The specified frequency fp may be, for example, 40.68 MHz. In
addition, the frequency of the high-frequency power outputted from
the high-frequency power supply 83 may be appropriately set in a
range of 450 kHz to 100 MHz depending on the raw material gas and
the reaction gas.
[0034] The following is a description of FIG. 1. The controller 7
has a main controller, an input device, an output device, a display
device, and a storage device. The main controller controls each
component of the film forming apparatus 100, for example, the
opening/closing valves 71b to 74b, the mass flow controllers 71a to
74a, the high-frequency power supply 83, the heater 21, the vacuum
pump of the exhaust mechanism 42, and the like. The main controller
performs control using, for example, a computer (central processing
unit (CPU)). The storage device stores parameters of various
processes performed by the film forming apparatus 100. In addition,
a program for controlling a process executed by the film forming
apparatus 100, that is, a storage medium storing a processing
recipe is set in the storage device. The main controller calls a
predetermined processing recipe stored in the storage medium, and
controls the film forming apparatus 100 to execute a predetermined
process, based on the processing recipe. For example, the
controller 7 controls the opening/closing times of the
opening/closing valves 71b and 72b so as to control the time for
one-round supply of the raw material gas.

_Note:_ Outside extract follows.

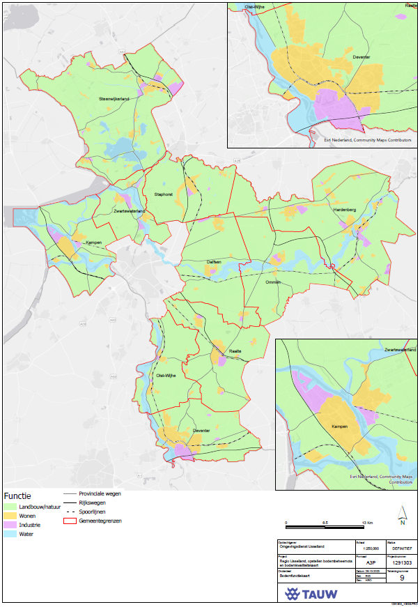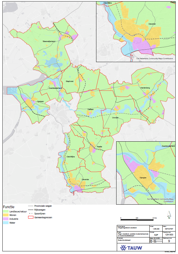 De bodemfunctiekaart is te vinden in bijlage 2. De bodemfunctiekaart is grotendeels gelijk gebleven ten opzichte van de bodemfunctiekaart uit 2013. De wijzigingen bestaan overwegend uit uitbreidingen met woningbouw in de steden en dorpskernen en plaatselijke uitbreiding van bedrijventerreinen. Ten zuiden van Kampen is de bypass Het Reevediep aangelegd, een rivierarm van de IJssel naar het Drontermeer.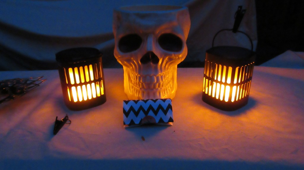 I have a fun Trick or Treat bucket filled with 13 wrapped surprises. The official start date is October 1. It’s not a surprise or mystery KAL. The pattern is Haunted Handwarmers. I have the needles, and I’m all set to cast on! The rainy weather and our spooky decorations are getting me in the mood for Monster Mayhem!

[0035] In the film forming apparatus 100 configured as described
above, first, the gate valve 12 is opened, and the wafer W is
loaded into the chamber 1 through the loading/unloading port 11 and
placed on the susceptor 2 by the transfer device (not illustrated).
The transfer device is retracted from the chamber 1, and the
controller 7 raises the susceptor 2 to the processing position.
Then, the controller 7 closes the gate valve 12, maintains the
interior of the chamber 1 at a predetermined reduced pressure, and
controls the temperature of the susceptor 2 to a predetermined
temperature by the heater 21 depending on a film forming reaction
when performing the ALD-based film formation.
[0036] In this state, the controller 7 opens the opening/closing
valves 73b and 74b and continuously supplies the purge gas from the
first purge gas source 53 and the second purge gas source 54
through the first purge gas supply pipe 63 and the second purge gas
supply pipe 64, respectively. The controller 7 opens and closes the
opening/closing valve 71b of the raw material gas supply pipe 61
and the opening/closing valve 72b of the reaction gas supply pipe
62 in an alternate and intermittent manner while continuously
supplying the purge gas. In addition, the controller 7 turns on the
high-frequency power supply 83 of the plasma generation mechanism 6
at the supply timing of the reaction gas.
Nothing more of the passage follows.